The chessboard example (as well as the imaginary bacteria) shows us that no population can grow forever. Sooner or later, it will simply run out of resources - space, energy, water, whatever. Therefore, populations can only grow exponentially for a while, and sooner or later their growth must slow down. To do this, you need to change the equation so that when the population size approaches the maximum possible (which can be supported by the external environment), the growth rate slows down. Let's call this maximum population size K. Then the modified equation will look like this:

d N = rN(1 — (N/K)) d t

When N much less K, member N/K can be neglected, and we return to the original equation of ordinary exponential growth. However, when N approaches its maximum value K, value 1 - ( N/K) tends to zero, and accordingly the population growth tends to zero. The total population size in this case stabilizes and remains at the level K. The curve described by this equation, as well as the equation itself, have several names - S-curve, logistic equation, Volterra's equation, Lotka–Volterra equation. (Vito Volt e RRA, 1860-1940 - outstanding Italian mathematician and teacher; Alfred Lotka, 1880-1949 - American mathematician and insurance analyst.) Whatever it is called, it is a fairly simple expression of the size of a population growing sharply exponentially, and then slowing down as it approaches some limit. And it reflects the growth of real populations much better than the usual exponential function.

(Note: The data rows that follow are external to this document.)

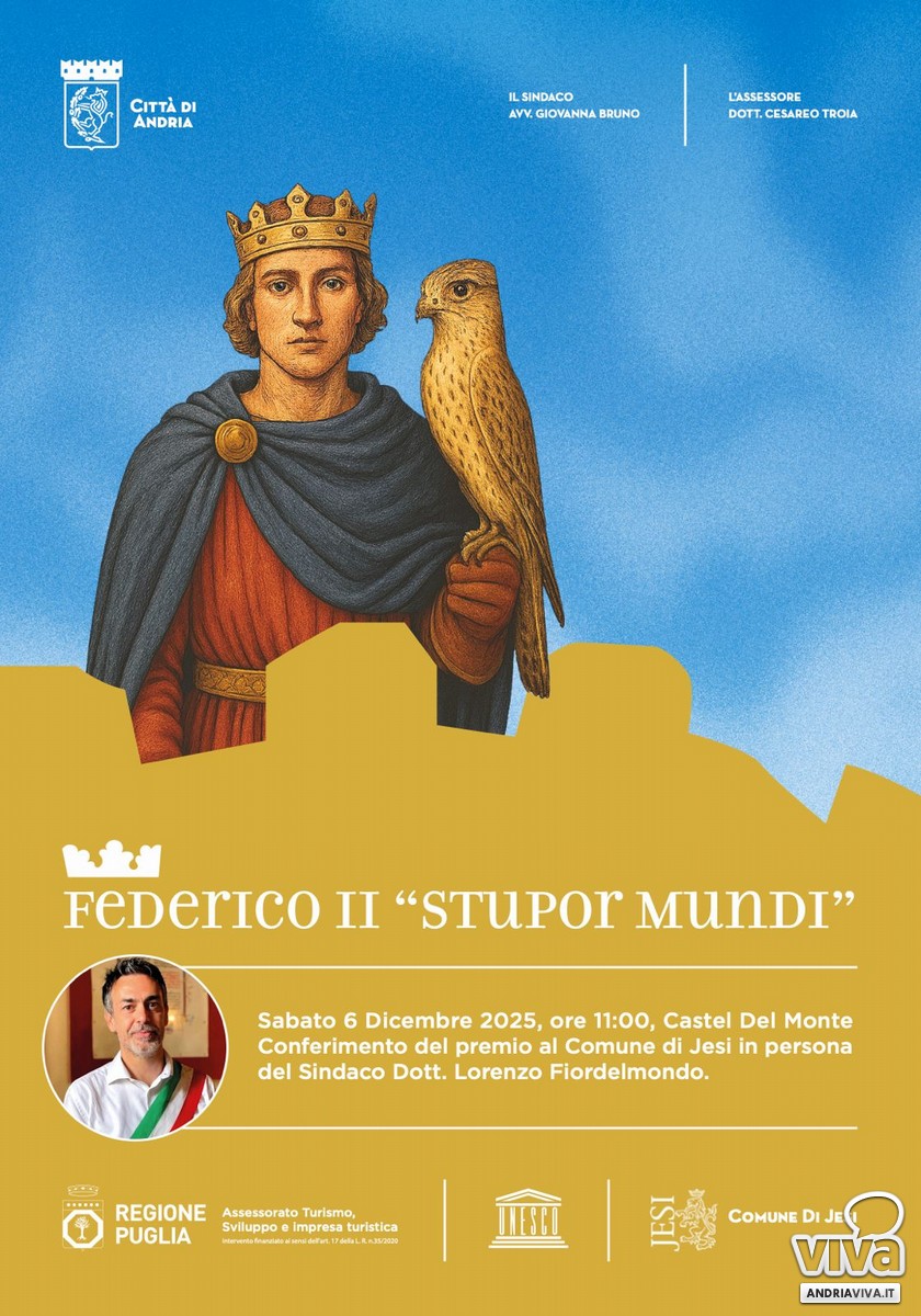 Sarà conferito oggi 6 dicembre alle ore 11 a Castel del Monte il Premio "Federico II Stupor Mundi" edizione 2025 alla Comunità di Jesi, nella persona del Sindaco Lorenzo Fiordelmondo.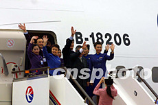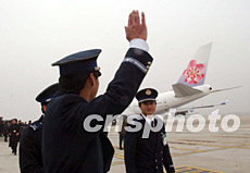 載有春節(jié)返鄉(xiāng)探親臺商及其眷屬的臺灣“華航”包機(jī),一月二十六日上午十一時(shí)三十分左右從上海浦東機(jī)場順利起飛。圖為“華航”機(jī)組人員起飛前揮手作別。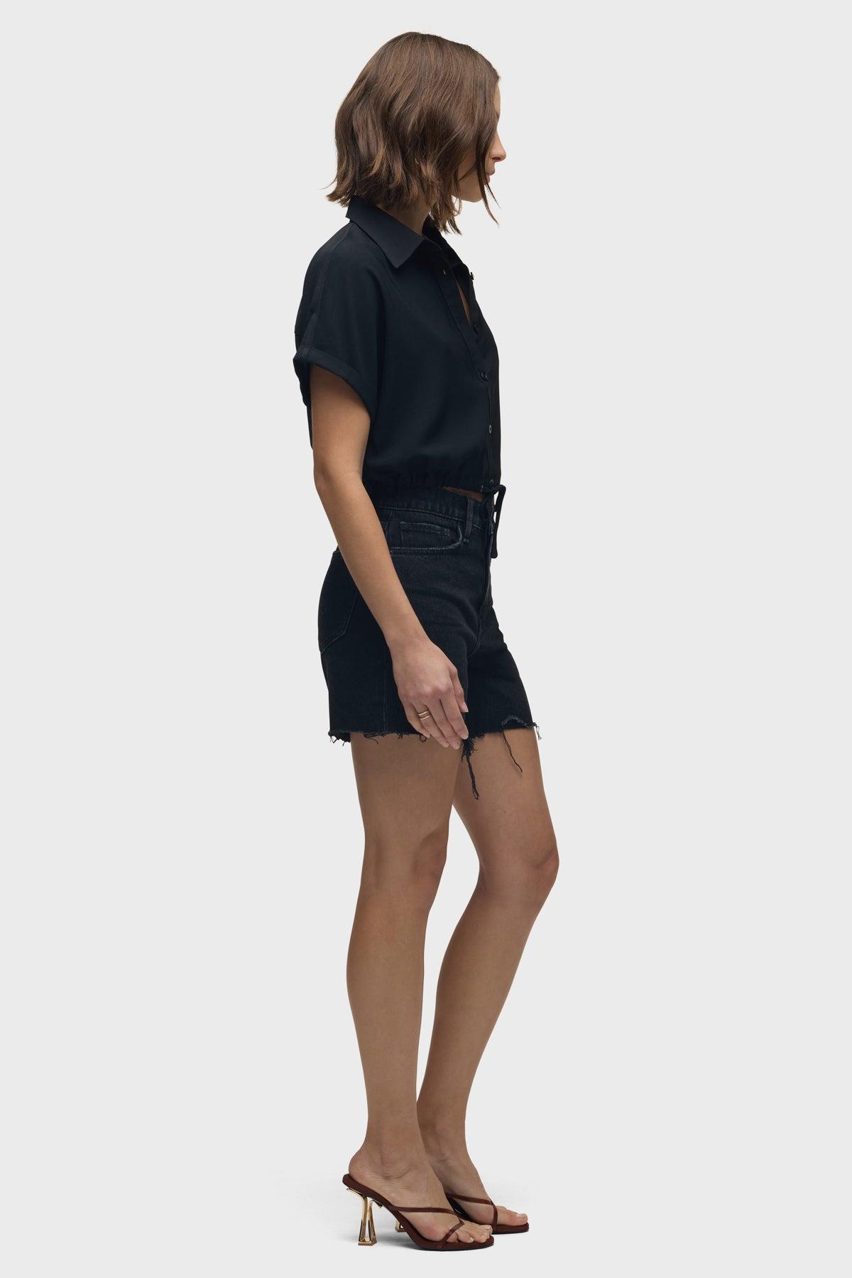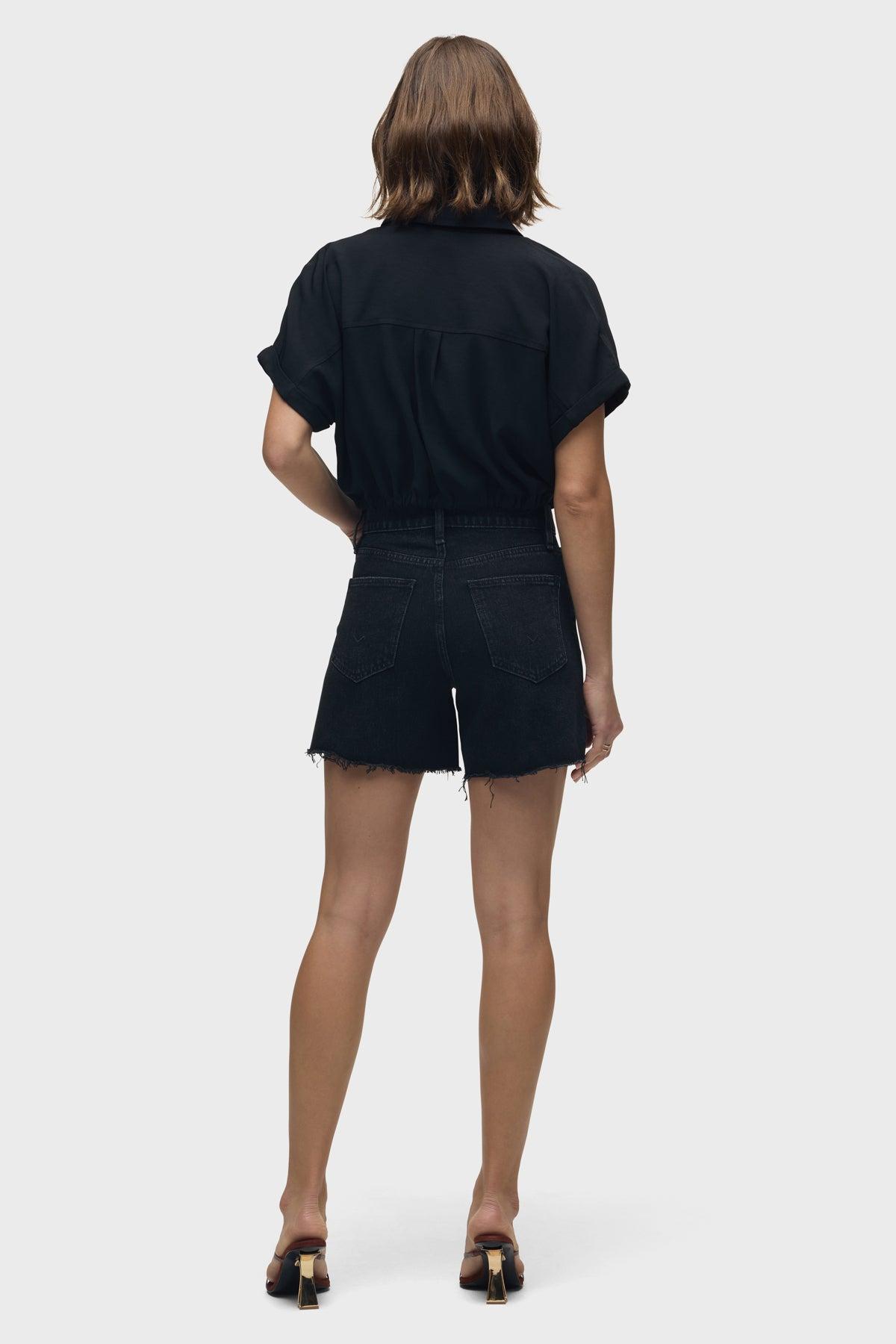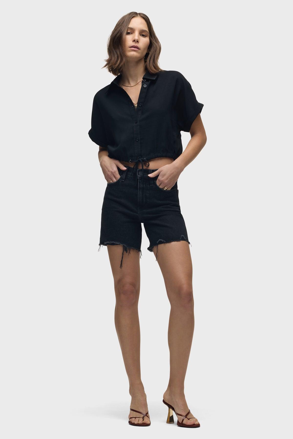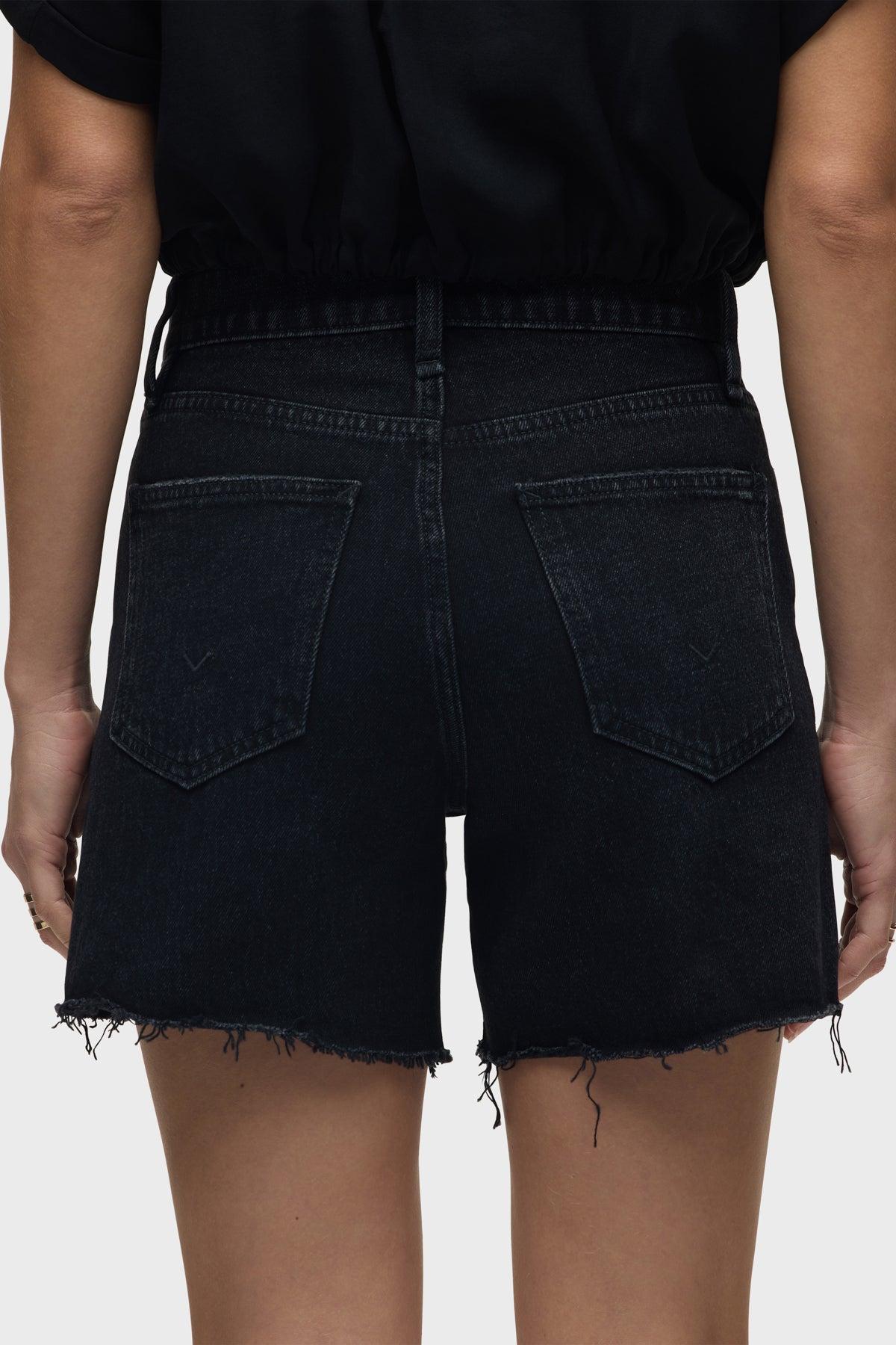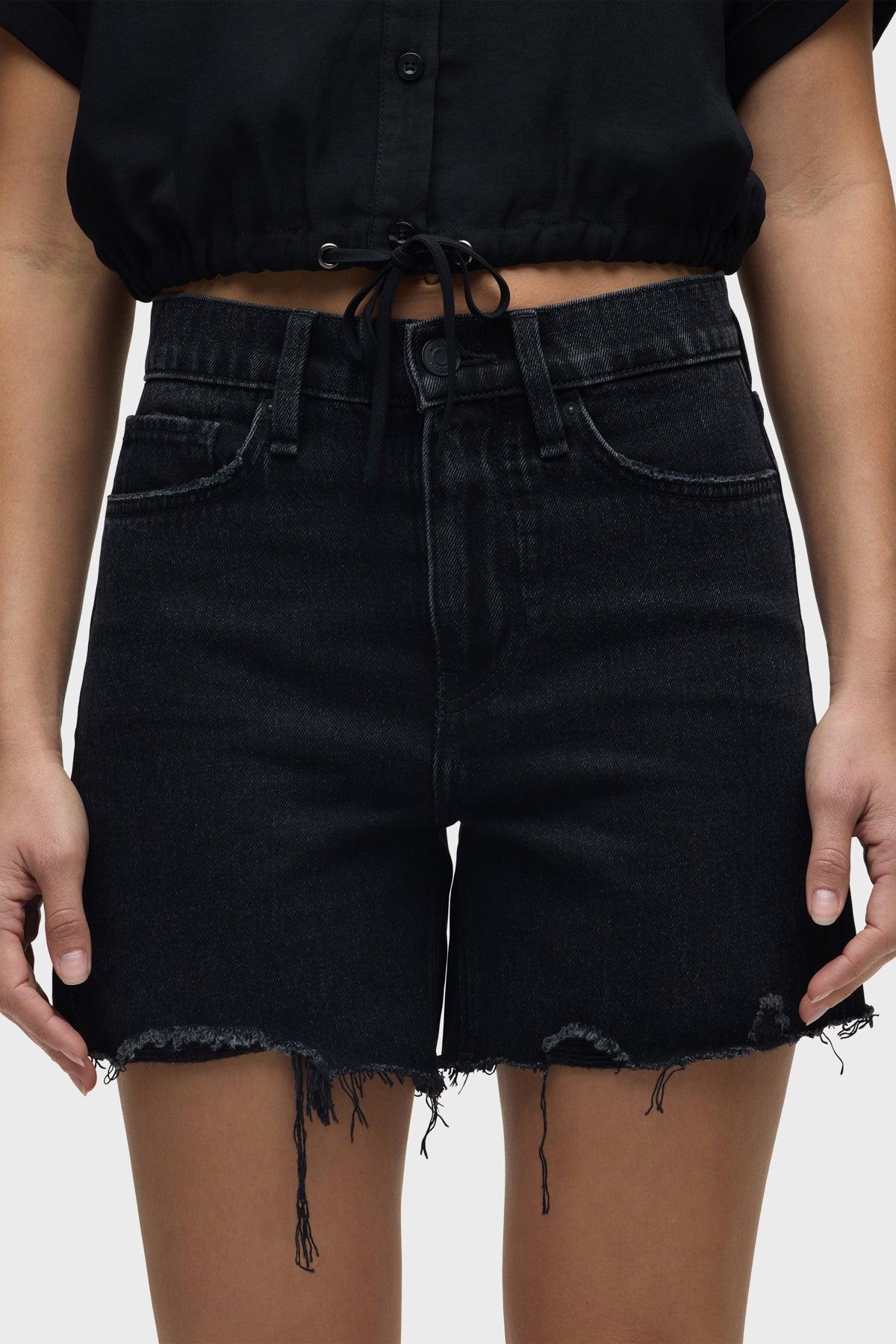 Description The Devon High-Rise Boyfriend Short in Destructed Black has a relaxed boyfriend fit with destruction and a cool destructed hem. This pair is made of a washed black rigid denim with heavy stone washing and edge grinding. Product Details Front Rise: 11", Leg Opening: 23.5", Inseam: 5"Model Height 5'9"Model wearing size 25Measurements based on size 27 Fit & Care Content: 100% CottonMachine wash cold with like colorsDo not bleachTumble dry low or hang to dry

EXPONENTIAL DEPENDENCE IN NATURAL PROCESSES

Stoykov Dmitry

10 “A” class MBOU secondary school No. 177, g. Kazan

Khabibullina Alfiya Yakubovna

scientific supervisor, mathematics teacher of the highest category, MBOU Secondary School No. 177, Kazan

Introduction

In nature and human life, there are a large number of processes in which some quantities change in such a way that the ratio of a given quantity at regular intervals does not depend on time. Among these are the radioactive decay of substances, the increase in the amount in a bank account, etc. All these processes are described by an exponential function. I was interested in the question of why the occurrence of these processes does not depend on time. After all, logically, any changing processes must be correlated with an independent quantity - time. In reality, this rule does not always work.

Purpose of the research work : experimentally confirm the occurrence of certain chemical processes in accordance with the exponential dependence described by the Arrhenius equation.

Tasks :

·Study the exponential function;

·Study exponential dependence as a special case of an exponential function;

·Study the Arrhenius equation describing exponential dependence;

·Study examples of chemical processes occurring in accordance with exponential dependence;

· Conduct a series of experiments and confirm in practice the occurrence of certain chemical processes in accordance with the exponential dependence described by the Arrhenius equation.

Research hypothesis : Using the Arrhenius equation, you can describe some chemical processes.

Object of study : exponential function as an element of applied mathematics.

Research methods :

1. Study of literature and electronic resources on the research topic.

2. Analysis of the application of exponential dependence

3. Chemical experiments to confirm the Arrhenius equation.

Exponential function

Let X R, a ≠ 0, (r n ) is a sequence of rational numbers converging to x. Let's define the number a x as a limit. An exponential function with a base a > 0 and a ≠ 1 is a function of the form y=a x, X R

This limit does not depend on the choice of the sequence r n leading to the number x. The domain of definition of the exponential function is the entire number line. This function is continuous and increases monotonically for a > 1 and decreases monotonically at 0< a < 1 . Функция никогда не обращается в ноль, но имеет горизонтальную асимптоту y = 0.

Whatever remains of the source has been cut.